Is there any way to figure out which ULE version I'm running in a precompiled kernel? I just nuked my src tree by accident, and am not sure if i'm on 1.65 or something older..
If there is no way, is this perhaps an idea?
Thanks, /Eirik
Jeff Roberson wrote:
On Fri, 17 Oct 2003, Bruce Evans wrote:
How would one test if it was an improvement on the 4BSD scheduler? It is not even competitive in my simple tests.
[scripts results deleted]
Summary: SCHED_ULE was more than twice as slow as SCHED_4BSD for the obj and depend stages. These stages have little parallelism. SCHED_ULE was only 19% slower for the all stage. It apparently misses many oppurtunities to actually run useful processes. This may be related to /usr being nfs mounted. There is lots of idling waiting for nfs even in the SCHED_4BSD case. The system times are smaller for SCHED_ULE, but this might not be significant. E.g., zeroing pages can account for several percent of the system time in buildworld, but on unbalanced systems that have too much idle time most page zero gets done in idle time and doesn't show up in the system time.
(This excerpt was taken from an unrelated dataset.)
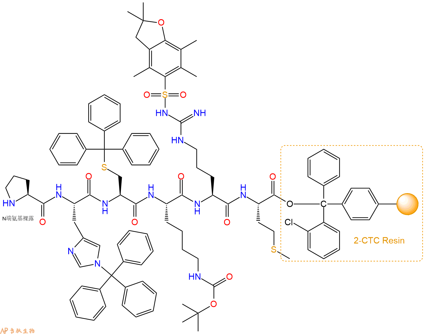 最后再经过步骤二得到 H2N-Pro-His(Trt)-Cys(Trt)-Lys(Boc)-Arg(Pbf)-Met-CTC Resin,结构如下:

At one point ULE was at least as fast as 4BSD and in most cases faster. This is a regression. I'll sort it out soon.
Test 1 for fair scheduling related to niceness:
for i in 0 1 2 3 4 5 6 7 8 9 10 11 12 13 14 15 16 17 18 19 20 do nice -$i sh -c "while :; do echo -n;done" & done top -o time
[Output deleted]. This shows only a vague correlation between niceness and runtime for SCHED_ULE. However, top -o cpu shows a strong correlation between %CPU and niceness. Apparently, %CPU is very innacurate and/or not enough history is kept for long-term scheduling to be fair.
Test 5 for fair scheduling related to niceness:
for i in -20 -16 -12 -8 -4 0 4 8 12 16 20 do nice -$i sh -c "while :; do echo -n;done" & done time top -o cpu
With SCHED_ULE, this now hangs the system, but it worked yesterday. Today it doesn't get as far as running top and it stops the nfs server responding. To unhang the system and see what the above does, run a shell at rtprio 0 and start top before the above, and use top to kill processes (I normally use "killall sh" to kill all the shells generated by tests 1-5, but killall doesn't work if it is on nfs when the nfs server is not responding).
661 root 112 -20 900K 608K RUN 0:24 27.80% 27.64% sh 662 root 114 -16 900K 608K RUN 0:19 12.43% 12.35% sh 663 root 114 -12 900K 608K RUN 0:15 10.66% 10.60% sh 664 root 114 -8 900K 608K RUN 0:11 9.38% 9.33% sh 665 root 115 -4 900K 608K RUN 0:10 7.91% 7.86% sh 666 root 115 0 900K 608K RUN 0:07 6.83% 6.79% sh 667 root 115 4 900K 608K RUN 0:06 5.01% 4.98% sh 668 root 115 8 900K 608K RUN 0:04 3.83% 3.81% sh 669 root 115 12 900K 608K RUN 0:02 2.21% 2.20% sh 670 root 115 16 900K 608K RUN 0:01 0.93% 0.93% sh
I think you cvsup'd at a bad time. I fixed a bug that would have caused the system to lock up in this case late last night. On my system it freezes for a few seconds and then returns. I can stop that by turning down the interactivity threshold.